▸ **Task goal**:
All of the data below should be output exactly as given.

::: Exercise materials

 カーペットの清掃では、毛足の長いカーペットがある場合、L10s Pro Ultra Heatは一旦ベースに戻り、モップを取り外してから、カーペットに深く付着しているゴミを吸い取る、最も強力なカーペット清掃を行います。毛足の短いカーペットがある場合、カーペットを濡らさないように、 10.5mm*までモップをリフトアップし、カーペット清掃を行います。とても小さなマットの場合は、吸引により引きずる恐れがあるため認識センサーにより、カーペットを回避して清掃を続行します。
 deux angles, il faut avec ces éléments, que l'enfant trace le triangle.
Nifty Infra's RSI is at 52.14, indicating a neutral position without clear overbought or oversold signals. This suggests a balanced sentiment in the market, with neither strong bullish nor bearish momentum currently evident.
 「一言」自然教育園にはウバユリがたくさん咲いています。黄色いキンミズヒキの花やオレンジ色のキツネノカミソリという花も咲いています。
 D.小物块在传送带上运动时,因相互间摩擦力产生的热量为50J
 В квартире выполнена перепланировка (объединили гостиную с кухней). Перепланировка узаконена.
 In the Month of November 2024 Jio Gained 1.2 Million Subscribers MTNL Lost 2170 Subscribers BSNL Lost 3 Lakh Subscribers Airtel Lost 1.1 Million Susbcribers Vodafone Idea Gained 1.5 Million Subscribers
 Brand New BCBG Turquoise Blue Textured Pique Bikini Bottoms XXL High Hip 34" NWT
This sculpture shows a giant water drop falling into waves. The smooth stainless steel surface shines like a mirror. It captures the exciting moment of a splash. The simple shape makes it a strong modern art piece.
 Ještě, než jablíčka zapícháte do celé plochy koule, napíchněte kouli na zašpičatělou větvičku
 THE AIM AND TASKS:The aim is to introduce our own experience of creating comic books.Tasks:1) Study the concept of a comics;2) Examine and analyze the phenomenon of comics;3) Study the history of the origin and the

::::::

▸ **Result of this task**:
 カーペットの清掃では、毛足の長いカーペットがある場合、L10s Pro Ultra Heatは一旦ベースに戻り、モップを取り外してから、カーペットに深く付着しているゴミを吸い取る、最も強力なカーペット清掃を行います。毛足の短いカーペットがある場合、カーペットを濡らさないように、 10.5mm*までモップをリフトアップし、カーペット清掃を行います。とても小さなマットの場合は、吸引により引きずる恐れがあるため認識センサーにより、カーペットを回避して清掃を続行します。
 deux angles, il faut avec ces éléments, que l'enfant trace le triangle.
Nifty Infra's RSI is at 52.14, indicating a neutral position without clear overbought or oversold signals. This suggests a balanced sentiment in the market, with neither strong bullish nor bearish momentum currently evident.
 「一言」自然教育園にはウバユリがたくさん咲いています。黄色いキンミズヒキの花やオレンジ色のキツネノカミソリという花も咲いています。
 D.小物块在传送带上运动时,因相互间摩擦力产生的热量为50J
 В квартире выполнена перепланировка (объединили гостиную с кухней). Перепланировка узаконена.
 In the Month of November 2024 Jio Gained 1.2 Million Subscribers MTNL Lost 2170 Subscribers BSNL Lost 3 Lakh Subscribers Airtel Lost 1.1 Million Susbcribers Vodafone Idea Gained 1.5 Million Subscribers
 Brand New BCBG Turquoise Blue Textured Pique Bikini Bottoms XXL High Hip 34" NWT
This sculpture shows a giant water drop falling into waves. The smooth stainless steel surface shines like a mirror. It captures the exciting moment of a splash. The simple shape makes it a strong modern art piece.
 Ještě, než jablíčka zapícháte do celé plochy koule, napíchněte kouli na zašpičatělou větvičku
 THE AIM AND TASKS:The aim is to introduce our own experience of creating comic books.Tasks:1) Study the concept of a comics;2) Examine and analyze the phenomenon of comics;3) Study the history of the origin and the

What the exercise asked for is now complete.